Pourquoi un humanoïde renverse la logique de sécurité de l’usine, et ce que cela coûte en heures de fonctionnement. Une machine à deux jambes ne reste debout que tant que son régulateur tourne, ce qui fait de l’arrêt sûr précisément le moment où elle tombe; la norme qui doit combler ce trou n’est pas encore une norme, et le déploiement le mieux documenté au monde compte après onze mois 1 250 heures de fonctionnement.
Questions fréquentes
Pourquoi un robot humanoïde inverse-t-il la logique de sécurité de l'usine ?+
La sécurité des machines repose depuis quarante ans sur une hypothèse : si le courant s'interrompt, le danger s'arrête. Avec une machine bipède, cette hypothèse s'inverse, car un humanoïde ne reste debout que tant que son régulateur tourne. L'arrêt sûr est précisément le moment où il tombe.
Pourquoi un humanoïde échappe-t-il à la norme de sécurité robotique ISO 10218 ?+
ISO 10218, la norme sur laquelle repose la sécurité des robots industriels, part de machines statiquement stables — des machines qui restent en place quand on les éteint.
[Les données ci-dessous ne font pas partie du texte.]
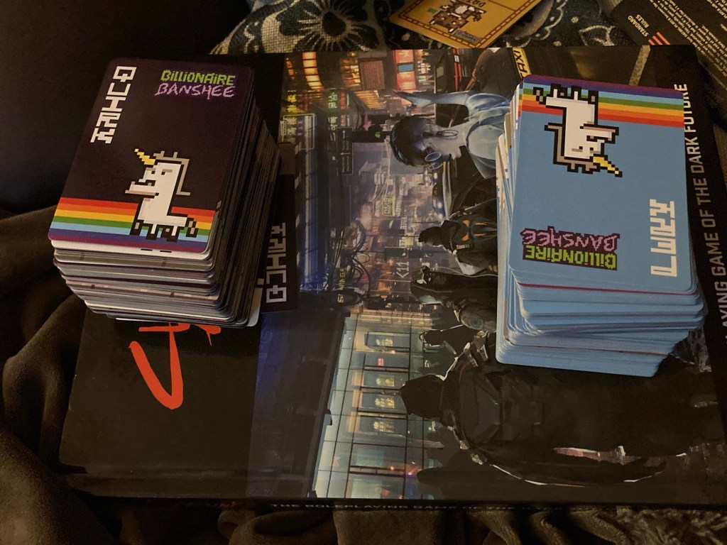 Billionaire Banshee consists of a couple of decks made of ‘perks’ and ‘quirks’ ranging from normal to explicit to fantastical. These are combined to make a date for someone. The mode I tend to play with them has one person judging while everyone tries to sell a person with a randomly drawn perk and quirk to you. It’s kind of Blind Date but where you’re trying to sell a cyborg crime fighter who also steals your tears while you sleep.
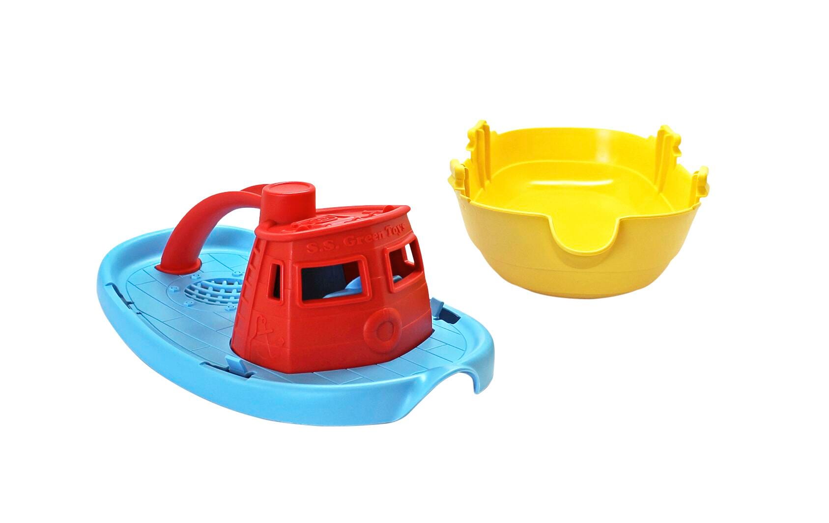 Toddlers can embark on a cruise across the bathtub or navigate the wading pool on a pretend play adventure! This colorful craft floats well and has a wide spout to scoop and pour water. The trusty Green Toys Tugboat is both good for the earth, and most importantly safe for the busy little folks who play on it! This adorable little boat is made without BPAs, PVC, phthalates, or external coatings. Packaged using only recycled and recyclable materials and printed with soy inks.Features
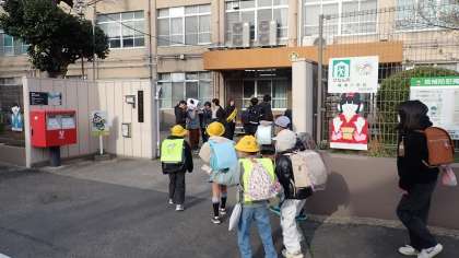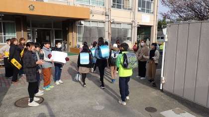 また、今日はPTAによるあいさつ運動も同時に行われました。地域委員の保護者のみなさま、1年間ありがとうございました。
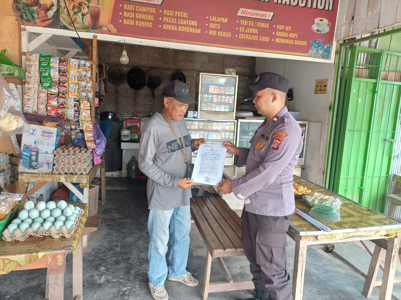 Kotim – Personel Polsek Telawang Polres Kotim (Kotawaringin Timur) Polda Kalteng laksanakan sosialisasi Maklumat Kapolda Kalteng tentang larangan membakar hutan dan lahan di desa Sebabi Kecamatan Telawang Kabupaten Kotim, Rabu (15/10/2025), pukul 09.00 WIB
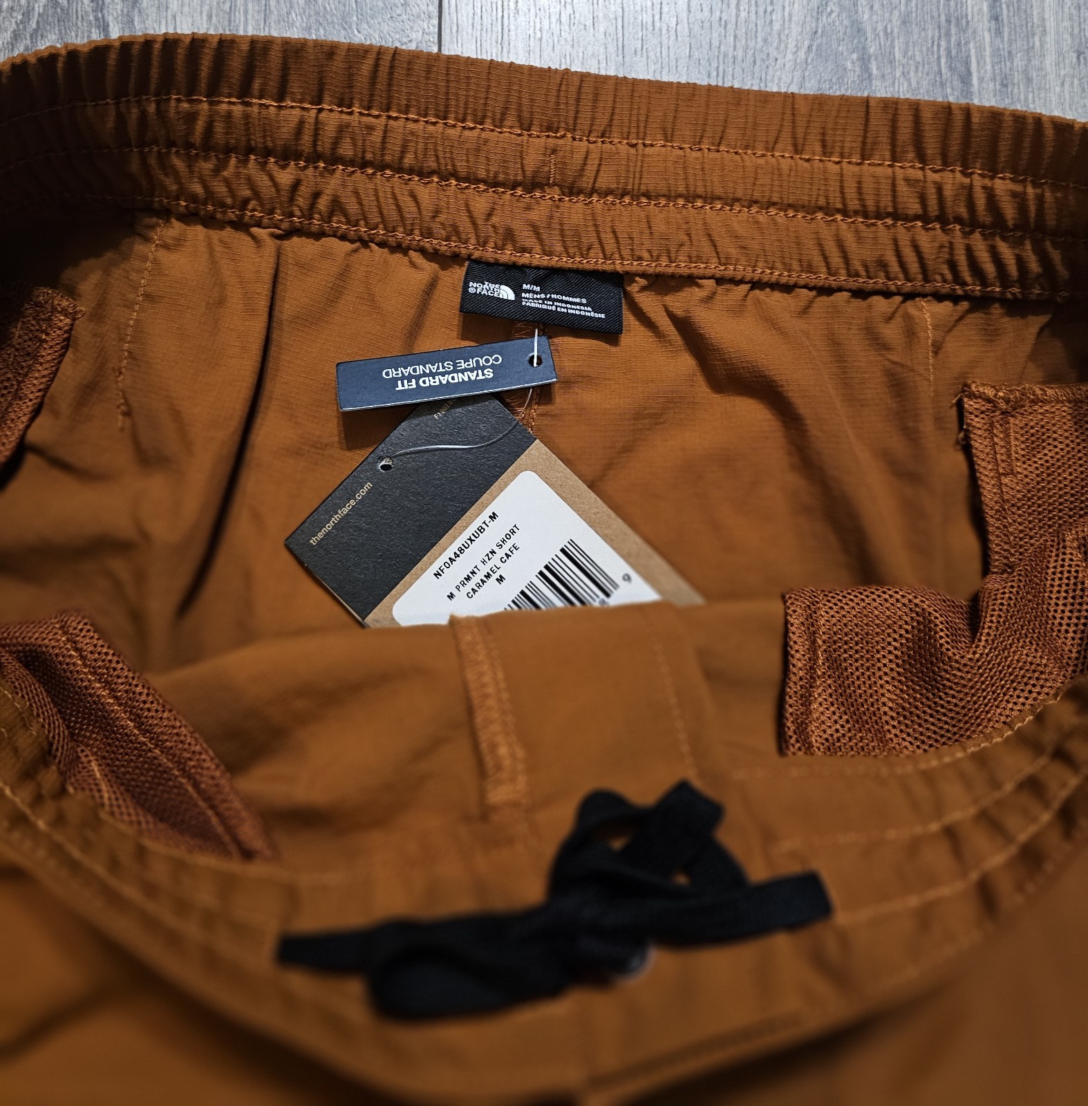 Hit the trails with confidence in these North Face Paramount Horizon Hiking Shorts. Crafted from durable, lightweight microfiber polyester and nylon, these shorts are ideal for a variety of outdoor activities, from casual wear to travel and work. The solid caramel cafe color offers a versatile look, while the handy 5-pocket design keeps essentials close at hand. Enjoy a comfortable regular fit with a mid-rise waist and a 10-inch inseam, perfect for warmer seasons. The flat front chino style shorts feature a convenient zip closure, complemented by button and logo accents. Whether you're exploring nature or heading to a casual event, these shorts are a reliable choice for any occasion.
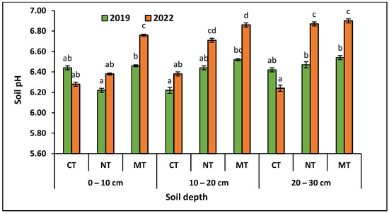 Variations and dynamics of soil pH at 0–30 cm depths under tillage and straw practices from 2019 to 2022. MT: minimum tillage; NT: no-tillage; CT: conventional tillage. Error bars represent the corresponding standard error of mean values. Different letters indicate significant differences between treatments during this period at the 0.05 level.

Une machine qui équilibre activement ne satisfait pas cette hypothèse, si bien que toute la catégorie des humanoïdes sort du champ de cette norme.
Où en est la norme pour les robots humanoïdes ?+
La norme censée combler le vide, ISO 25785-1, n'était au 17 juillet 2026 qu'un projet de comité, pas encore une norme. Il n'existe donc pas encore de cadre établi réglant spécifiquement la sécurité des machines bipèdes qui équilibrent activement.
Combien les robots humanoïdes fonctionnent-ils réellement aujourd'hui ?+
Bien moins que l'attention ne le laisse croire. Le déploiement le mieux documenté au monde — Figure 02 chez BMW Spartanburg — totalise après onze mois 1.250 heures de fonctionnement, selon le rapport de Figure de novembre 2025.
Pourquoi les chiffres des communiqués et ceux des heures réelles divergent-ils autant ?+
Parce qu'une démonstration n'est pas de la production. Une seule propriété technique — l'extinction n'est pas un état sûr — explique pourquoi les normes manquent, pourquoi le déploiement reste limité, et pourquoi la capacité annoncée et les heures réelles s'écartent autant.